For centuries and centuries humans have been trying to modify their bodies, from ancient tribal tattoos to foot binding to belly button piercings. Now days it seems more of a trend that parents love to scold their children for, elderly people like to scowl at and employers generally frown upon. But unknown to many the origins had deeper, more profound symbolism than the majority of the pierced population’s attitude of “it’ll look cool”.

So where did it all really come from, I hear you cry… Well calm down, pull up a chair and I’ll tell you!


  • Earlobe piercings were the first discovered body adornment, as it reaches as far back as 5,300 years. The mummified remains of a body known as Ötzi, the Iceman were found in an Austrian Glacier and had pierced ears that had been stretched out to a 7-11mm diameter.
  • Primitive tribes pierced ears as a way to scare off demons as they believed they entered the body through the ears and that metal through the lobes would repel them.
  • In western society during the Elizabethan era it was mainly men that wore ear piercings than women. It was deemed completely acceptable for men to wear expensive earrings as they symbolised luxury and wealth.

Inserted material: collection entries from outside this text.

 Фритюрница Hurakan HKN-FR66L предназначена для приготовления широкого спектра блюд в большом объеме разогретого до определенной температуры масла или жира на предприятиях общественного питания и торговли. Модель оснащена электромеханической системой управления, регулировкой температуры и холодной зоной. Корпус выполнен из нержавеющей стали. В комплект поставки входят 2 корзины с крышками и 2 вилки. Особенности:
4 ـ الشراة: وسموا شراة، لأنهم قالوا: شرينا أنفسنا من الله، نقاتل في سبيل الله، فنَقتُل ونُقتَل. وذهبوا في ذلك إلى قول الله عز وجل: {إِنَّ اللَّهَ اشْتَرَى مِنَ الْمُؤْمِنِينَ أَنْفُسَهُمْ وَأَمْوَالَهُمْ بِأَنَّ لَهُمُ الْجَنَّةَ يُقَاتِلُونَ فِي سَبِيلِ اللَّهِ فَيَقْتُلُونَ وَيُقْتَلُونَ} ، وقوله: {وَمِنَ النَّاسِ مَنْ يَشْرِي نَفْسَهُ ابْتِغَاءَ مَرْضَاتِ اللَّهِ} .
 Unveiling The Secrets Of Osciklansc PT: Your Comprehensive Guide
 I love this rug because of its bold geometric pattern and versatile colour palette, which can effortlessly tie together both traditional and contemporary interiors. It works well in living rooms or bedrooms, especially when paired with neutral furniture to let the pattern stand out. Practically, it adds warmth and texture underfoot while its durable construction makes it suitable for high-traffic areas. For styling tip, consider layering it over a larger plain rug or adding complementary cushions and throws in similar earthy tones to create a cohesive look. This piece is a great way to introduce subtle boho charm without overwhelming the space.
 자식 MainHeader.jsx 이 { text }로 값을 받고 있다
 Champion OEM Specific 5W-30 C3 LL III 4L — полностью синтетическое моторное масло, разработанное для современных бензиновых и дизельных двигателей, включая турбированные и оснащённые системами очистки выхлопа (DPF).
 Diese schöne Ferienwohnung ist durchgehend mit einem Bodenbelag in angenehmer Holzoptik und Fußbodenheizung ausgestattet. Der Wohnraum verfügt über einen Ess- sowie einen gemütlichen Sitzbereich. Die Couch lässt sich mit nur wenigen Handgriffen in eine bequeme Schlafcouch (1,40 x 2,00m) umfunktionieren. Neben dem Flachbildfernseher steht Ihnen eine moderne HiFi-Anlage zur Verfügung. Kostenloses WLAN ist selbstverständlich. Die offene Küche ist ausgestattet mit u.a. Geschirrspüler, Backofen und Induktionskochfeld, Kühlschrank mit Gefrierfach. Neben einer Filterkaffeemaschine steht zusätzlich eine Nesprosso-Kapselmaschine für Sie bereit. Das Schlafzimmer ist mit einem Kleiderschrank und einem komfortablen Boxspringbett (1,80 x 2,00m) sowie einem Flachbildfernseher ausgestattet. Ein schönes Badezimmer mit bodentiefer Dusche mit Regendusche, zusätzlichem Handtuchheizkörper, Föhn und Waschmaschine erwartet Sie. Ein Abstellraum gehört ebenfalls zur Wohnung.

  • Roman centurions were some of the first to get their nipples pierced as a sign of their dedication to the Roman Empire. It was also seen as a symbol of strength and unity as the majority of the army, including Julius Caesar, had them pierced.
  • The “Bosom Ring” came into fashion in the 1890s and was sold in pricey Parisian jewellery shops. These rings were put through nipple piercings, with both breasts being linked by a delicate chain. This was said to enhance the nipples and make them look like they were constantly aroused. Lovely!

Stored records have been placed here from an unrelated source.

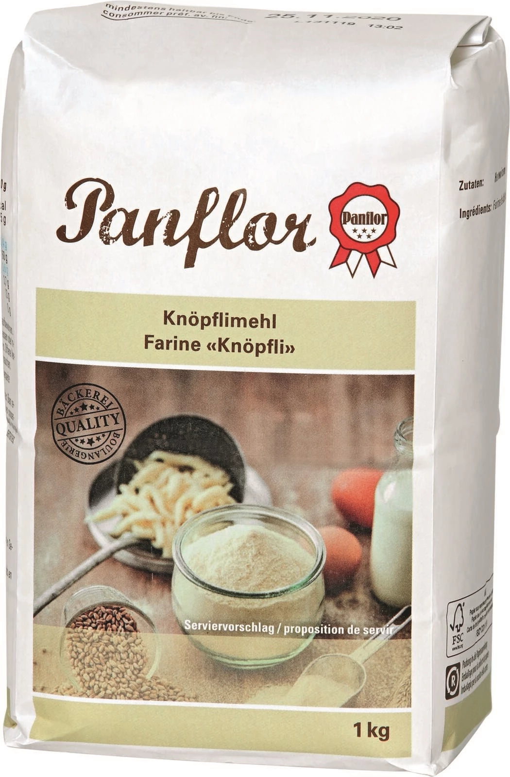 Das Panflor Knöpflimehl wird aus HartWEIZENgriess hergestellt. Die Zubereitung von fenen Chnöpfli oder Spätzli / Spätzle mit Panflor Knöpflimehl ist denkbar einfach, insbesondere wenn man ein Knöpflisieb oder Spätzlepresse verwendet. Der angerührte zähflüssige Teig wird über das Knöpfliesieb direkt ins kochende Salzwasser gestrichen. Wenn man kein Knöpflisieb zur Hand hat, kann man sich auch mit einem Lochblech oder einer groben Reibe behelfen.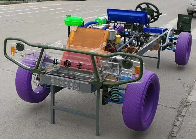 東風(fēng)猛士透明整車模型(EQ2050B猛士)選用透明有機(jī)玻璃制作,內(nèi)中部件均以硬質(zhì)塑料料加工,用 螺絲固定在金屬高溫烘漆而成的車架上。各總成部分都以壓模成形加 工,代替過去膠粘合的方法,使產(chǎn)品在強(qiáng)度上有很大提高。發(fā)動機(jī)總成用電機(jī)驅(qū)動,在油門處設(shè)有調(diào)速裝置,能演示發(fā)動機(jī)轉(zhuǎn)速高低。離合器分離明顯,操縱靈活,離合器外殼整體壓模而成,變速箱和各檔齒輪用各種顏色表示,換檔靈活,手制動美觀。后橋外形壓模而成,內(nèi)中主減速、差速轉(zhuǎn)動自如,輪轂剎蹄壓模成型,剎蹄可調(diào)節(jié),前橋輪鼓可調(diào)整,轉(zhuǎn)向裝置以及電瓶、油箱、水箱,制動管路分布清楚一目了然。電路采用對插件前后分布,燈架、風(fēng)窗、儀表板、后燈架用透明有機(jī)玻璃壓模成整體美觀逼真。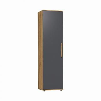 Распашной шкаф для одежды и белья комплектуется выдвижной штангой для одежды. При желании можно докупить и установить модуль CROWN 19 Полки (в комплекте 3 полки) тем самым изменив функционал шкафа. Фасад шкафа с трапециевидной ручкой из массива перенавешивается на правую и на левую сторону.
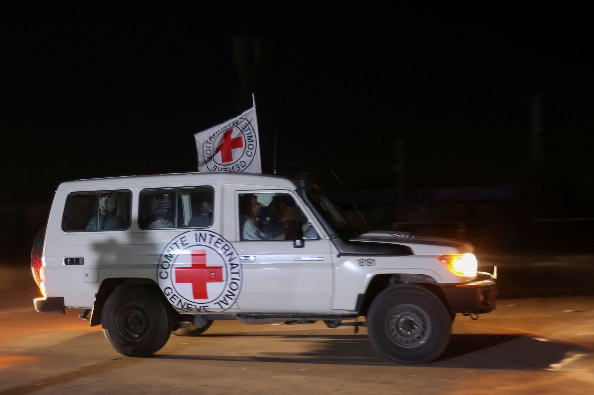 Ibraheem Abu Mustafa / Reuters / Scanpix / LETA Автомобиль Красного Креста везет освобожденных израильских заложников с севера сектора Газа на южную границу к контрольно-пропускному пункту Рафах. 24 ноября 2023 года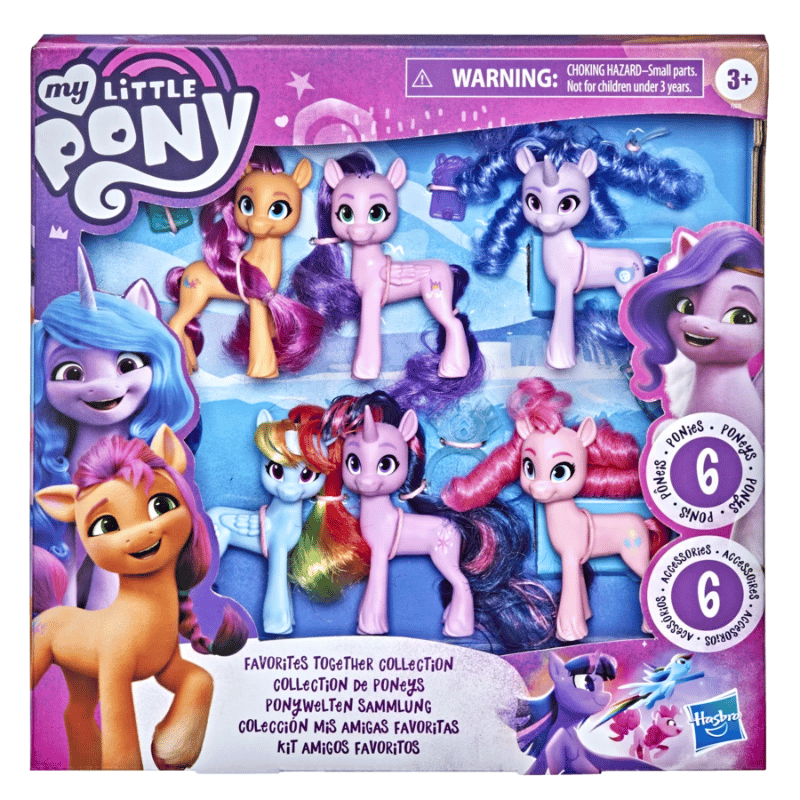 Pakkauksessa yhteensä 6 kpl 7,60 cm ponihahmoja, joista kolme on uudesta My Little Pony elokuvasta ja kolme vanhoja hahmoja Friendship is Magic -sarjasta. Jokaisella pohihahmolla on mukana tarvike.

  • The first recorded nose piercing was 4000 years ago in the Middle East, and is mentioned in the Bible where Isaac gives his wife Rebekah a “Shanf” with translates as ‘nose ring’. Nose piercings are also still common in Middle Eastern Bedouin tribes and the Nomad tribes of Africa.
  • Nose piercing traditions were brought over from the Middle East to India in the 16th century, where the women have their nose pierced on the left side (which is sometimes joined by a chain to the ear lobe) as it is said to make the pains of childbirth and periods easier to bear.

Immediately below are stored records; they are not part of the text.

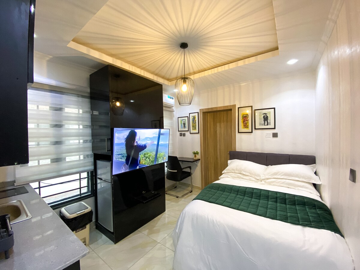 Disfruta de este estudio limpio y acogedor en una finca segura de Lekki Phase 1, perfecta para viajeros solitarios o parejas. El espacio cuenta con una cómoda cama, TV inteligente, wifi de alta velocidad, microondas, hervidor de agua y artículos básicos. También tendrás energía las 24 horas, los 7 días de la semana, una seguridad sólida y acceso rápido a tiendas, cafés y carreteras principales. Tanto si estás aquí para relajarte como para trabajar, tienes todo lo que necesitas.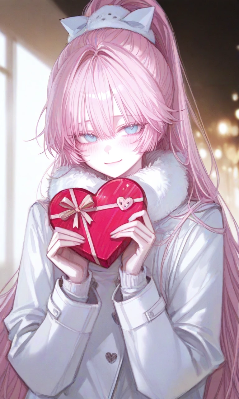 밝게 웃으며 여기~ 이쪽으로 와! 선물은..이거! 내가 만든 초콜릿!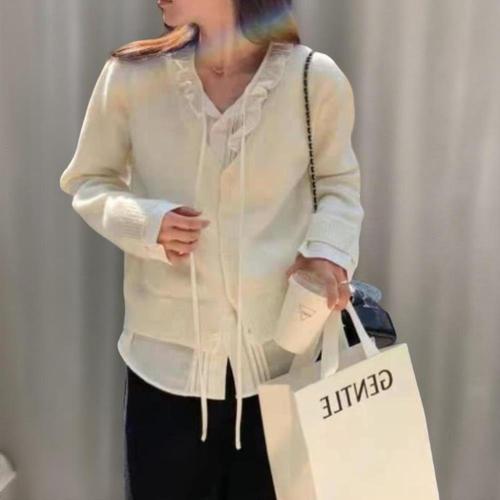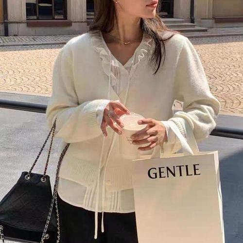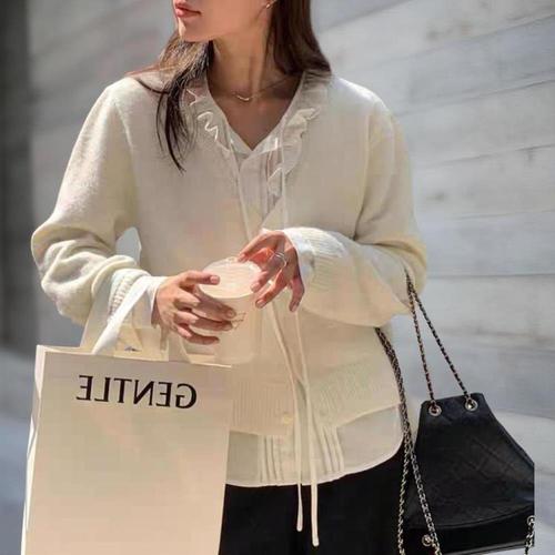[신상오픈런]여성 브이넥 프릴 디테일 니트 가디건 일체형 핀턱 디자인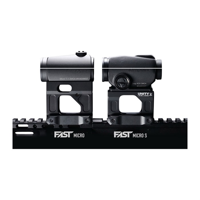 Il sistema di montaggio FAST è una serie di supporti ottici progettati per fornire agli utenti un'immagine visiva più rapida rispetto ai montaggi di altezza standard. Il FAST Micro Mount crea una linea centrale ottica di 2.26" dal binario, consentendo un'acquisizione più veloce e facile del punto rosso/reticolo mentre si indossano occhiali per visione notturna, maschere antigas, portaplato e altro equipaggiamento.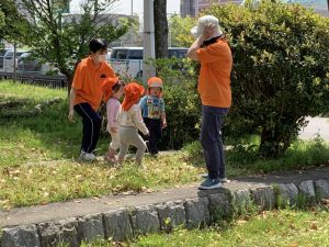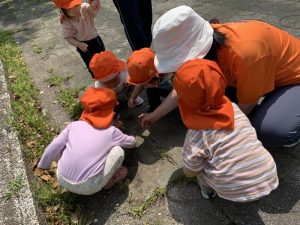 アリさんを見つける子どももおり、みんなで観察をしました。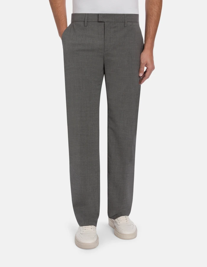 Elliot regular-fit chinos, regular waist, welt pockets at the back. Stretch polyester wool weave. Dondup logo. Made in Italy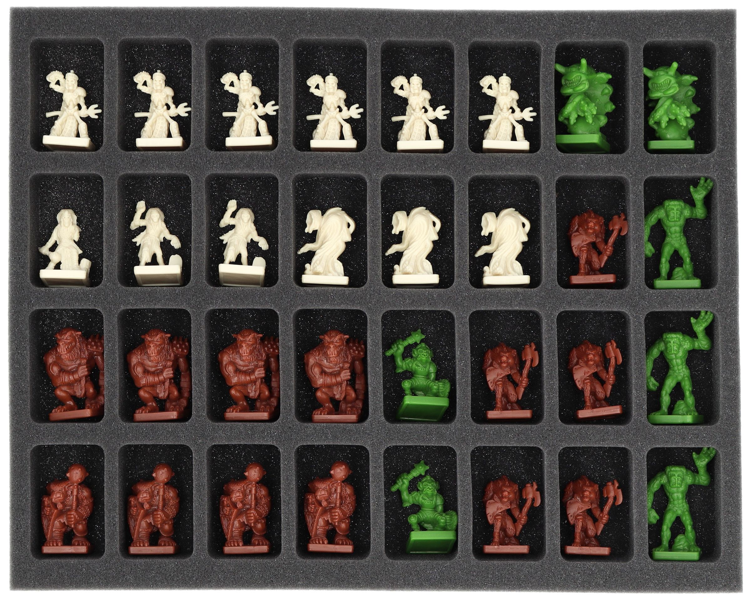 - 1 plateau en mousse de taille normale avec 32 compartiments pour les figurines telles que les monstres, les héros et les figurines de dimensions similaires (FSMEDS040BO)
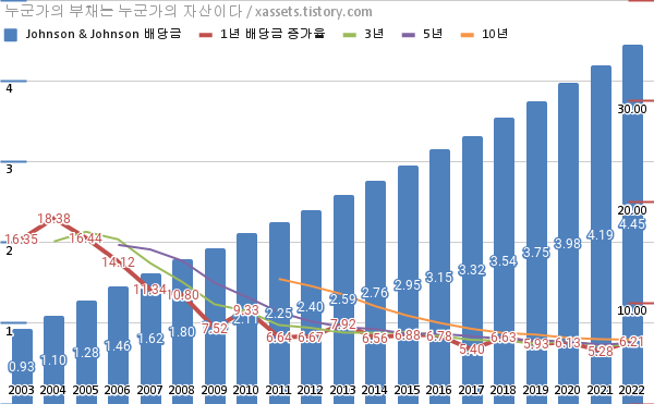 존슨앤존슨 배당금 및 배당성장률 차트 (2003년~2022년)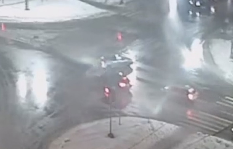 На кадрах видно, как автомобиль, двигавшийся по улице Ровио, выехал на перекресток на запрещающий сигнал светофора. В результате он столкнулся с машиной, которая начала движение по улице Лыжной.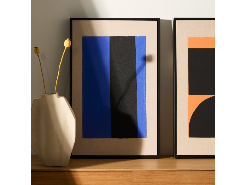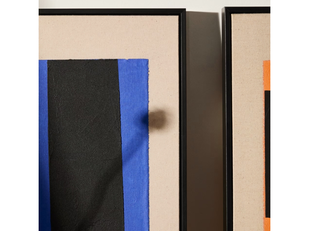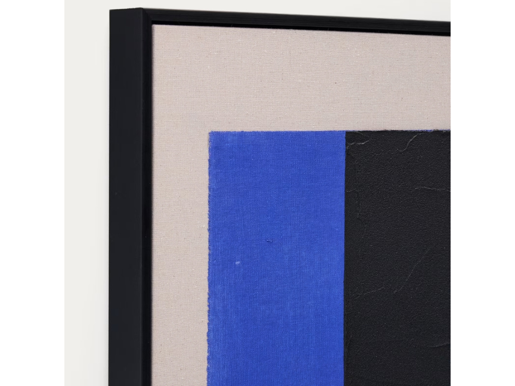 Abstraktní obraz Zernu zaujme hrou kontrastů – černá barva v kombinaci s modrou vytváří vizuálně silnou kompozici s efektem světla a stínu. Ruční malba je vytvořena na lněném plátně, jehož povrch je navíc chráněn lakem, což zajišťuje dlouhou životnost a odolnost proti prachu. Díky výrazné textuře, kde se střetává hrubost malby s jemností tkaniny, každý kus přirozeně vynikne jako solitér – nebo vytvoří působivý set spolu s dalšími obrazy z této kolekce. Rám v černé barvě dodává celé kompozici čistý výraz a díky praktickému háčku na zadní straně je zavěšení velice snadné.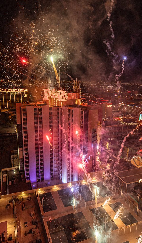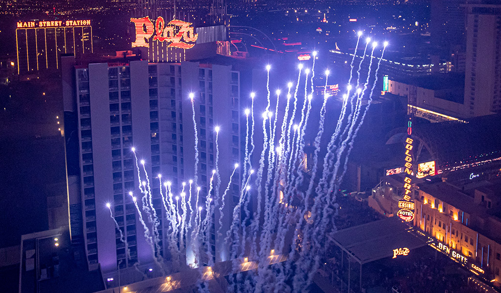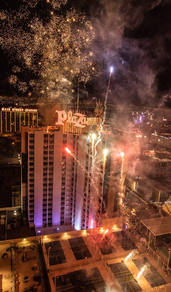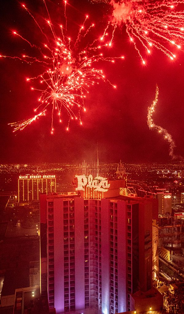 After the sun sets, the Plaza pool transforms into the ultimate rooftop destination to watch our spectacular grand finale fireworks illuminate the Downtown Las Vegas skyline for America’s 250th anniversary.

  • Pierced lips were very common throughout the world, although only two tribes pierced their lips with rings. The tribes are the Dogon and Nuba tribes, with the Dogon tribe doing it as a symbolic religious practice involving ancestral spirits. All other tribes used/use labrets made of wood, clay, bone, crystal or other materials – with some that stretch the piercing out with larger labrets.
  • The Aztecs and Maya also used lip labrets that were fashioned into religious or spiritual figurines made of gems or jade and gold to make them look more attractive or sexual. Also, people in central and south America used lip labrets to look more attractive, with the pierced holes being stretched out with wooden plates to enhance the lips – similar to the use of modern day collagen.

We all know they are other piercings such as septum and genital, but after reading up on what the origins were I’d rather not mention it for your own sanity!!